Now I’m going to turn to the famous love chapter of Paul in 1 Corinthians 13. At the end of chapter 12, he says:
“...I show you a still more excellent way.”
That “still more excellent way” is unfolded in the opening verses of chapter 13. And this is what he says in the first three verses:
“If I speak with the tongues of men and of angels, but do not have love [agape], I have become a noisy gong or a clanging cymbal. And if I have the gift of prophecy, and know all mysteries and all knowledge; and if I have all faith, so as to remove mountains, but do not have love, I am nothing. And if I give all my possessions to feed the poor, and if I deliver my body to be burned, but do not have love, it profits me nothing.”
It’s very, very important that we see that. All the gifts and manifestations of the Holy Spirit are intended to be channels or instruments of divine love. If we do not use those gifts, if we do not make them available to the love of God, we frustrate God’s purposes. We may have all the other gifts, but we’re simply left like a clanging cymbal or a noisy gong. We are nothing, we have nothing.
I think it’s important that we see the words that Paul uses in 1 Corinthians 13:1. He says:
“If I speak with the tongues of men and of angels, but do not have love, I have become a noisy gong or a clanging cymbal.”
I believe when the Holy Spirit comes in, He comes into a heart that has been purified by faith and that’s turned toward God. But later it’s possible to dry up; it’s possible to miss God’s purpose and misuse what God has made available to us. And in that case, it happens as Paul said, “I have become a clanging cymbal or a noisy gong.” I wasn’t that way when I received but through missing the purpose, I have become like that and I frustrated God’s purpose.

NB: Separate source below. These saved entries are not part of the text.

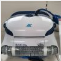
Lot n° 35 Robot IBAVAC ZEN électrique Neuf (PV 1150,00 € TTC) Mise à prix : 250 €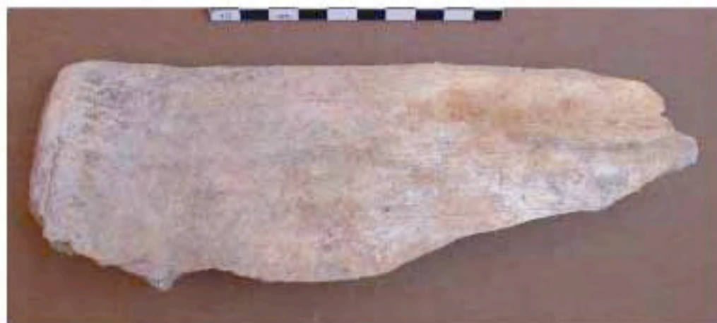
Scapula de camélidé utilisée comme pelle. La face inférieure de l'outil est lustrée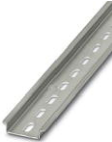
Tragschiene, Material: Stahl, gelocht, Höhe: 7,5 mm, Breite: 35 mm, Länge: 1 m

Bitte beachten Sie, dass die hier angegebenen Daten dem Online-Katalog entnommen sind. Die vollständigen Informationen und Daten entnehmen Sie bitte der Anwenderdokumentation. Es gelten die Allgemeinen Nutzungsbedingungen für Internet-Downloads. ( http://phoenixcontact.de/download )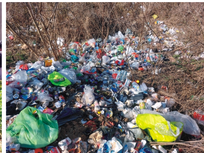
Ha valaki így akar élni tegye ezt a saját udvarával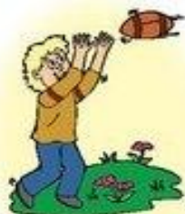
el fútbol americano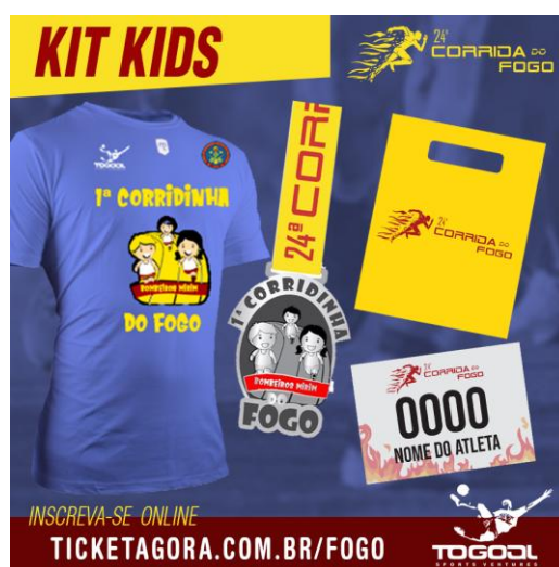
KIT KIDS IMAGEM ILUSTRATIVA

7.1.5 - A Corrida Kids terá o valor único de R$ 55,00 (cinquenta e cinco reais) e o kit contém: camisa tradicional, número de peito, sacola plástica personalizada com brindes dos patrocinadores (se houver) e medalha para quem concluir a prova.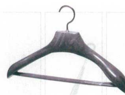
11-184-7 ¥ 4,800 (W420・D70・H270) 材質:本体/ポリプロピレン フック/ポリエチレン フック/スチール(ブラックニッケルメッキ) ネジ/ステンレス(プロテクト処理)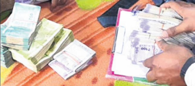
ଜବତ ହୋଇଥିବା ଟଙ୍କା।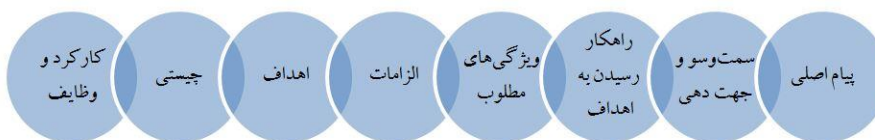
شکل ۲. رئوس اصلی موضوع رسانه در بیانات مقام معظم رهبری

برای فهم دقیق‌تر بیانات مقام معظم رهبری مضامین سازمان دهنده در شکل ذیل می‌آید:

I’d like to compare with that what Paul says in 1 Timothy 1:5-6:
“The goal of all Christian ministry is love. The purpose of God for the Christian is the consistent expression of divine love.”
So let me just sum up the three phases as I see it in this process of imparting God’s love to us. First, the new birth. When we’re born again we become capable of that kind of love. Second, the outpouring of the totality of God’s love into our hearts by the Holy Spirit who’s given to us the inexhaustible resources of God made available to us. And third, the expression of that love worked out in daily living through discipline and character training. That’s when that love that comes from God is through us made available to our fellow human beings.
I remember once looking at Niagara Falls for the first time and thinking that tremendous quantity of water poured out that it was like the love of God poured out. And then I thought to myself, “Nevertheless, its real purpose is not fulfilled merely in the outpouring but when that power is channeled and used to bring light and heat and power to the inhabitants of many of the major cities of the North American continent, then the purpose is achieved.” And that’s how it is with us. We receive God’s love when we’re born again; it’s poured out over us by the Holy Spirit; but it becomes available to our fellow human beings as it’s channeled through our lives in discipline and training.
Well, our time is up for today. I’ll be back with you again tomorrow at this time. Tomorrow, I’ll be explaining just how you can open up to the Holy Spirit and receive Him in His fullness.